Sunday, March 24, 2019

Palm Beach to St. Augustine

Perhaps we should add another metric: How often we hit other boats. Officially, today is 1.
So, the scoreboard reads:

     2 - nights anchored
     2 - times aground
     1 - scrape

We planned on dawdling the morning in Palm Beach. The little marina was very friendly and very affordable. But when we saw other boats heading out just as the sun came up, we got itchy gills (since itchy feet on a boat just means you need some ointment). We were pulling out just after 9 am.

It wasn't a far ride to St. Augustine. We met and chatted with (via radio) other loopers on their way. The day was warm, sunny, and the water friendly. With the exception of being massively waked by a boat called Summer Villa (I deemed him Summer Villain), it was a dandy ride.

The marina we're staying at is off the ICW on the San Sebastian River. It got some great reviews from other loopers; cheaper than the marinas right in the city, quieter, and more private, with easy access to the downtown. Sounded perfect. 

See the bumps on the beach? Those are cannonball jellyfish.
And they are everywhere!

As we headed up the river I noticed both the current and the wind. They weren't crazy strong, but they definitely impacted the movement of the boat. Russ hailed the marina on the radio, got no response. Then he called the on cell. By that time we'd passed the place.
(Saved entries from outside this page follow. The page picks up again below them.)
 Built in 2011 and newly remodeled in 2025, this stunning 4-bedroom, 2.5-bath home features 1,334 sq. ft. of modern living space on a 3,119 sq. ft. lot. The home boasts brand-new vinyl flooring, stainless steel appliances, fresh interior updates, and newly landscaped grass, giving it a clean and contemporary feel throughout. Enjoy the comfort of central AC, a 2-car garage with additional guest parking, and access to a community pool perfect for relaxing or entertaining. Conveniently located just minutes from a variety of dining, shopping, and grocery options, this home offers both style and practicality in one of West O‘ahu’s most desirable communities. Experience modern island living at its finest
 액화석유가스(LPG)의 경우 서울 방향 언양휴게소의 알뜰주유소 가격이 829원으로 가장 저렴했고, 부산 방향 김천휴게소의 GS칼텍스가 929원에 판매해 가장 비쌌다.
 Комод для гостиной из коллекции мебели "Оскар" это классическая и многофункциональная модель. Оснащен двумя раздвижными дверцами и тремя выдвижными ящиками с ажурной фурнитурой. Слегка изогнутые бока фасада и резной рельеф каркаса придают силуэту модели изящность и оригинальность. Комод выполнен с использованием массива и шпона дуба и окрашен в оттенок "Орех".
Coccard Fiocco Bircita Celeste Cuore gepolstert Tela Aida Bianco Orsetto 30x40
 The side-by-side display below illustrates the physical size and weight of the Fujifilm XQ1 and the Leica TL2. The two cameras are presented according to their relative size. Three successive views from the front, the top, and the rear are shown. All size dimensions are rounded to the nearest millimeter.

While he was getting docking instructions, I turned the boat around. All fine.

The instructions we got was to park on the T, between two boats, on the B dock. We were told it was a 50 foot space (and we are a 40 foot vessel). Right away, I notice the wind was pushing us into the dock. Moreover, I'm not wild about parking between two vessels. But we gave it a shot.

Other boat owners came out (it's what you do when you hear engines nearby) to lend a hand. In front was a power yacht, in back, a sailboat. I aimed for in between.
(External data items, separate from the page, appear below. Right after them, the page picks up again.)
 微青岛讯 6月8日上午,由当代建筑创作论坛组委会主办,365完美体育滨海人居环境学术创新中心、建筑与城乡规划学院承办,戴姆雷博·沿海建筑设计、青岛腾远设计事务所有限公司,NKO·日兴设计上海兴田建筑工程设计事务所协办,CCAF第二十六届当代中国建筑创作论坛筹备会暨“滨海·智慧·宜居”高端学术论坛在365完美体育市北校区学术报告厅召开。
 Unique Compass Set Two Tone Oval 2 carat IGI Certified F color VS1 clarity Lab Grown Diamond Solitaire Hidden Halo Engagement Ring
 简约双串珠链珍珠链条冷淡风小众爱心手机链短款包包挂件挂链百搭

The approached went slowly, which is good. Russ tossed a line, someone caught it. But my back end started to drift towards the sailboat. I moved closer to the front, but I didn't feel like I had enough space. Meanwhile, we continued to move to the sailboat.

Finally, I said I was giving up, threw the starboard engines in reverse, trying to swing the dinghy away from the sailboat. I used some throttle, trying to back away, but I wasn't able to clear the boat. Our bumper skid along their side. That is such a horrible feeling.
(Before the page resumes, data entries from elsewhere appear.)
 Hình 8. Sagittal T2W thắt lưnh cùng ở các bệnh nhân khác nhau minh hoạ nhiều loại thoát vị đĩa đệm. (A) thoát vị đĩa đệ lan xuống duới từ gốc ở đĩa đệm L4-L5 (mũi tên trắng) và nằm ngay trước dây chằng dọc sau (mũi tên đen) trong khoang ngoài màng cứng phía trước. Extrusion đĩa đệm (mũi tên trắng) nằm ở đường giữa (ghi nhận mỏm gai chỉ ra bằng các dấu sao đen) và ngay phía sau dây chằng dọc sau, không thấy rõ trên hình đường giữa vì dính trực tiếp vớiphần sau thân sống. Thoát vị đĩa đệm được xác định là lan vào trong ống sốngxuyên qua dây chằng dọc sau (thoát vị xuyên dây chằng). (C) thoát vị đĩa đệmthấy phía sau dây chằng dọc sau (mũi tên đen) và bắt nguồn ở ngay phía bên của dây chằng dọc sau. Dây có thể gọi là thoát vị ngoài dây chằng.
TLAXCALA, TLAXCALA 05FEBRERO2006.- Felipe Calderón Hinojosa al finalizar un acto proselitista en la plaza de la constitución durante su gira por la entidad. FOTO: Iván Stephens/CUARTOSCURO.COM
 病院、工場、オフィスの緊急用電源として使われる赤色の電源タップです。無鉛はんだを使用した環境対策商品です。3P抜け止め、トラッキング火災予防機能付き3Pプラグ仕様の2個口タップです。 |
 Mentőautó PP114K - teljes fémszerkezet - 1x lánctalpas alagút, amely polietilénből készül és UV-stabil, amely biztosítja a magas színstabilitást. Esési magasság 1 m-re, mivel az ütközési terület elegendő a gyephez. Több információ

Frazzled, I noticed the A dock had NO BOATS on it. I just parked Cat-n-Dogs there, without permission or incident. Russ went to the office to see remaining here would be okay. He came back with thumbs up.

Safely parked in A dock. You can see B dock behind us.
Being conscientious boaters, Russ went to the sailboat to offer compensation. He saw the scratches, three of them, the longest was maybe three inches. In other words, really not much at all. The sailboat owners were long timers at the marina and knew a repair person who happened to be working here at the time. We got a quote for repairs, and shook hands. 

Throughout much of the day I fretted over the incident. I feel I should have declined the spot once I saw it and saved everyone the excitement. But, it's done, and no real harm was made. 

We got out our bikes and headed for the darling town of St. Augustine.